## What the task requires
Images are not part of the copy; transcribe all the data exactly.

## Given material
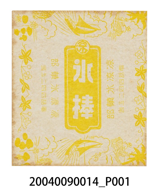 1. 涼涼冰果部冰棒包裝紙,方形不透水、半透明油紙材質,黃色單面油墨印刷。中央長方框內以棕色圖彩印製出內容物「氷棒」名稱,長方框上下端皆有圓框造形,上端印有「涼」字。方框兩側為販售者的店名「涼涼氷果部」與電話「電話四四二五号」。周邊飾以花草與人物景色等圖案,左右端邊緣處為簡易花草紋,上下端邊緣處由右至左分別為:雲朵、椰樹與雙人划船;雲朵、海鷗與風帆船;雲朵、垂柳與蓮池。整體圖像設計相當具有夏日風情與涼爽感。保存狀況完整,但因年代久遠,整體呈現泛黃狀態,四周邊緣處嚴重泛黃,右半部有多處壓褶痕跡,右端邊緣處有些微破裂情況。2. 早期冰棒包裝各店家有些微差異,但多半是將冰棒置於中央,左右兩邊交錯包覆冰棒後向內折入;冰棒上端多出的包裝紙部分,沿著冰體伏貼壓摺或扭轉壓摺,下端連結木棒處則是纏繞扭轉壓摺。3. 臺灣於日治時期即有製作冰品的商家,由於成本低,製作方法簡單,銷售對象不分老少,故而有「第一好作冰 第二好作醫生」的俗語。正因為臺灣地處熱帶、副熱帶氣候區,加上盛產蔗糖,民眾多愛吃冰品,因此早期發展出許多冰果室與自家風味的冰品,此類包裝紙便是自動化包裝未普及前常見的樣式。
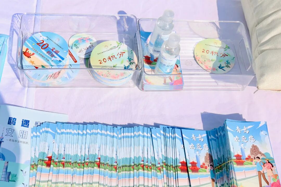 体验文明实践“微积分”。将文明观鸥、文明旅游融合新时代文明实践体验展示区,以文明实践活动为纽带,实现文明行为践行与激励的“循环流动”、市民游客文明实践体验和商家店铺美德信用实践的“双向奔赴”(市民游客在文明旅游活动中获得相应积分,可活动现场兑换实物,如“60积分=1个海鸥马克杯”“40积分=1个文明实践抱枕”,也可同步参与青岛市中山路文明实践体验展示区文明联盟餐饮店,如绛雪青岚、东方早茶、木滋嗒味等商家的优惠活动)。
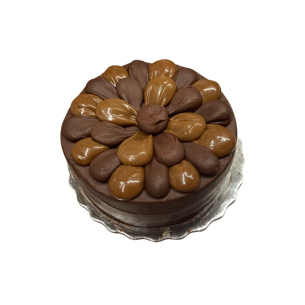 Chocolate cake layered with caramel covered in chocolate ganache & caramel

## Exercise result
 1. 涼涼冰果部冰棒包裝紙,方形不透水、半透明油紙材質,黃色單面油墨印刷。中央長方框內以棕色圖彩印製出內容物「氷棒」名稱,長方框上下端皆有圓框造形,上端印有「涼」字。方框兩側為販售者的店名「涼涼氷果部」與電話「電話四四二五号」。周邊飾以花草與人物景色等圖案,左右端邊緣處為簡易花草紋,上下端邊緣處由右至左分別為:雲朵、椰樹與雙人划船;雲朵、海鷗與風帆船;雲朵、垂柳與蓮池。整體圖像設計相當具有夏日風情與涼爽感。保存狀況完整,但因年代久遠,整體呈現泛黃狀態,四周邊緣處嚴重泛黃,右半部有多處壓褶痕跡,右端邊緣處有些微破裂情況。2. 早期冰棒包裝各店家有些微差異,但多半是將冰棒置於中央,左右兩邊交錯包覆冰棒後向內折入;冰棒上端多出的包裝紙部分,沿著冰體伏貼壓摺或扭轉壓摺,下端連結木棒處則是纏繞扭轉壓摺。3. 臺灣於日治時期即有製作冰品的商家,由於成本低,製作方法簡單,銷售對象不分老少,故而有「第一好作冰 第二好作醫生」的俗語。正因為臺灣地處熱帶、副熱帶氣候區,加上盛產蔗糖,民眾多愛吃冰品,因此早期發展出許多冰果室與自家風味的冰品,此類包裝紙便是自動化包裝未普及前常見的樣式。
 体验文明实践“微积分”。将文明观鸥、文明旅游融合新时代文明实践体验展示区,以文明实践活动为纽带,实现文明行为践行与激励的“循环流动”、市民游客文明实践体验和商家店铺美德信用实践的“双向奔赴”(市民游客在文明旅游活动中获得相应积分,可活动现场兑换实物,如“60积分=1个海鸥马克杯”“40积分=1个文明实践抱枕”,也可同步参与青岛市中山路文明实践体验展示区文明联盟餐饮店,如绛雪青岚、东方早茶、木滋嗒味等商家的优惠活动)。
 Chocolate cake layered with caramel covered in chocolate ganache & caramel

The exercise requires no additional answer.